_WHAT NEEDS TO BE DONE_. Give the lines again exactly as they appear below, from the line with "روتختی دو نفره" to the line with "Kiszerelés: 4 darab kicsi marcipán rózsa", both included, and only those lines. Leave every picture out.

_EXERCISE MATERIALS_.
***

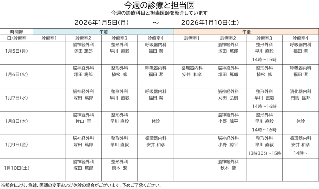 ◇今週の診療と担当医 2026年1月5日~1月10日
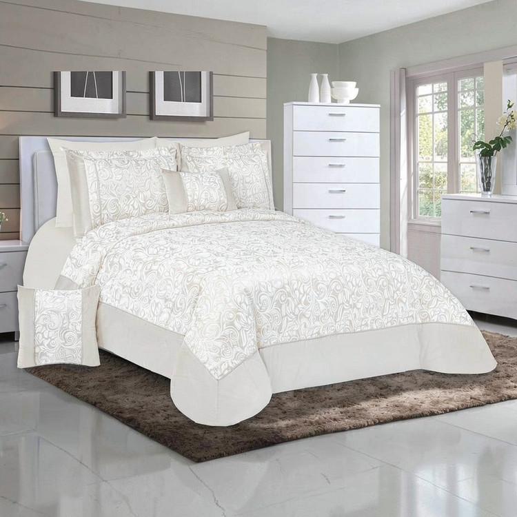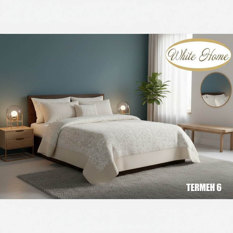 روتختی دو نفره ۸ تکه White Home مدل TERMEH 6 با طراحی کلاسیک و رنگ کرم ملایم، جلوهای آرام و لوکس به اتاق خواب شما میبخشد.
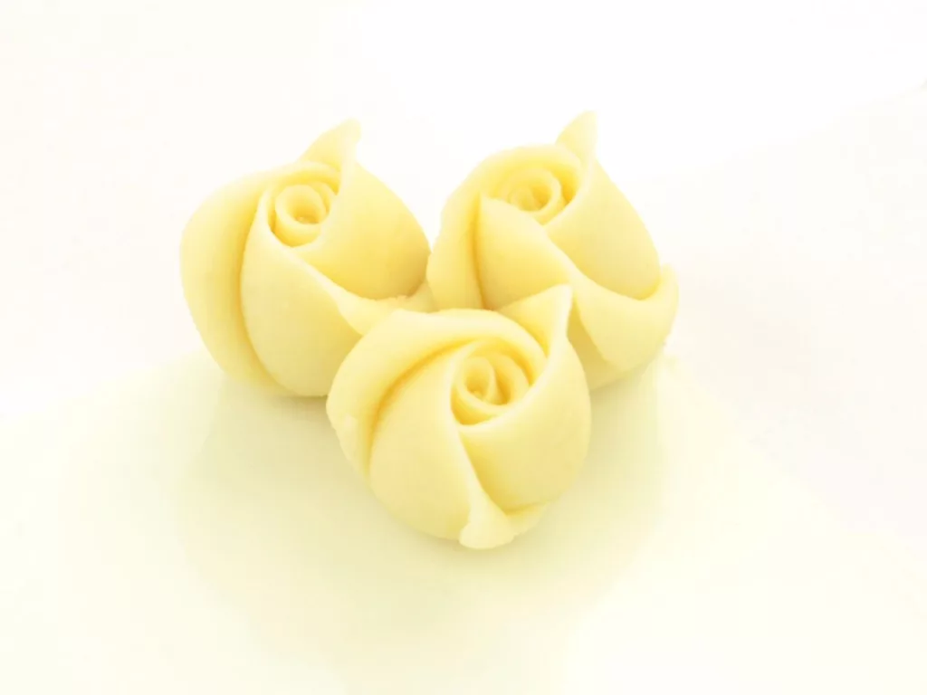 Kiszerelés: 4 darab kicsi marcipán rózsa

***

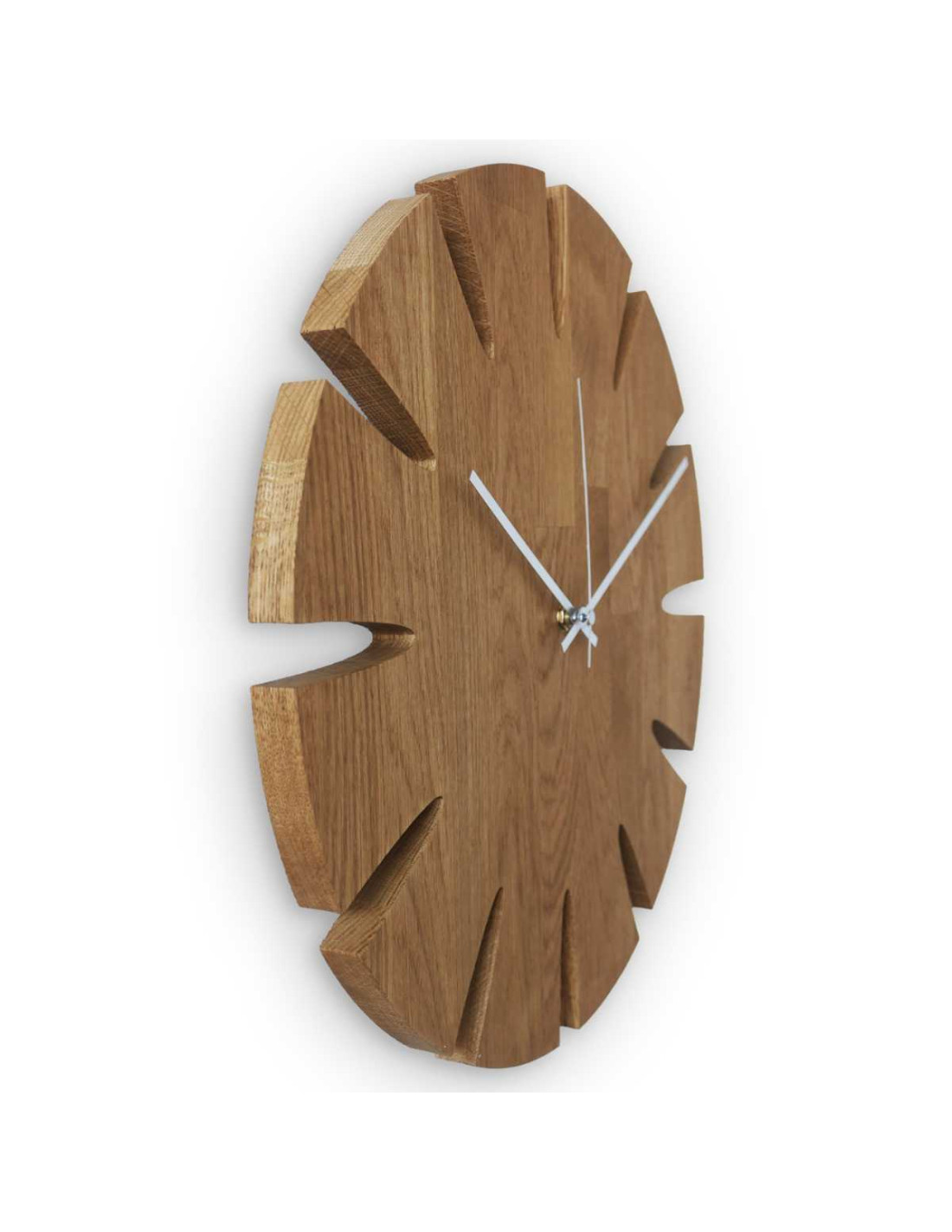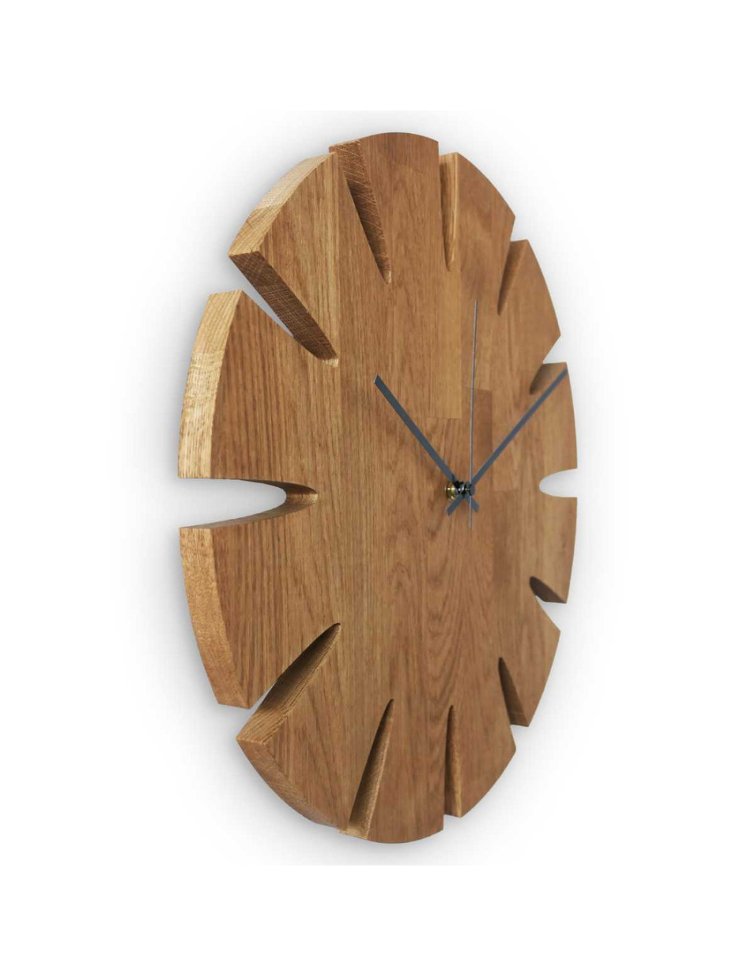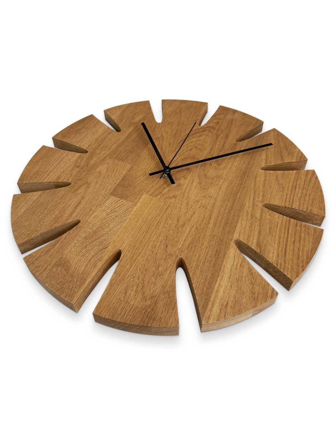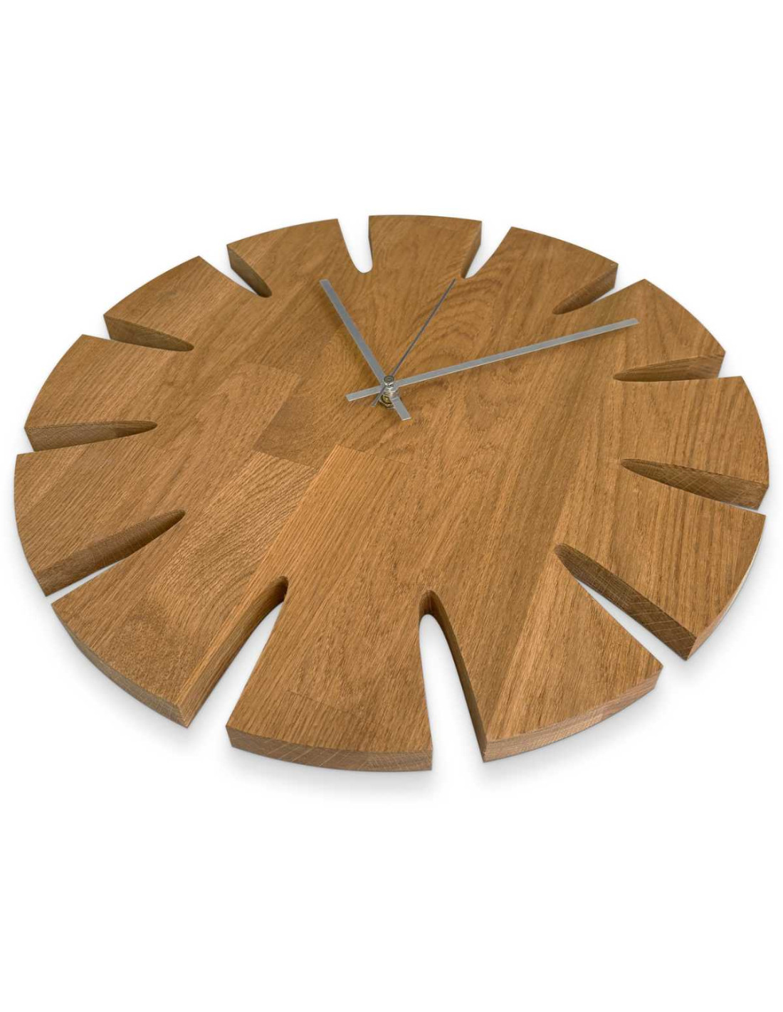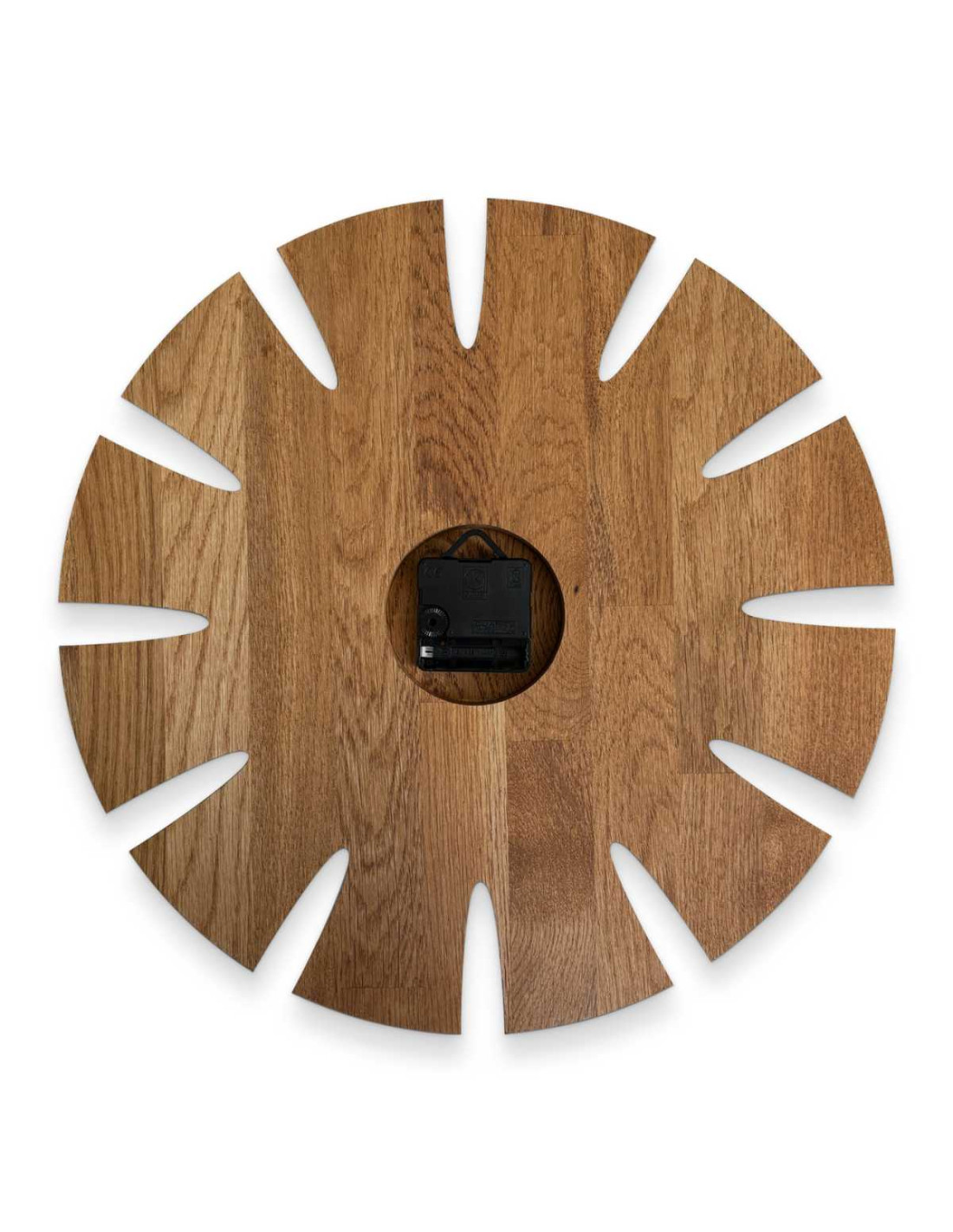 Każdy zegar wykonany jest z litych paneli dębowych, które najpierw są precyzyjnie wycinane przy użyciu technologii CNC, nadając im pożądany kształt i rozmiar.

***

_TASK RESULT_.
 روتختی دو نفره ۸ تکه White Home مدل TERMEH 6 با طراحی کلاسیک و رنگ کرم ملایم، جلوهای آرام و لوکس به اتاق خواب شما میبخشد.
 Kiszerelés: 4 darab kicsi marcipán rózsa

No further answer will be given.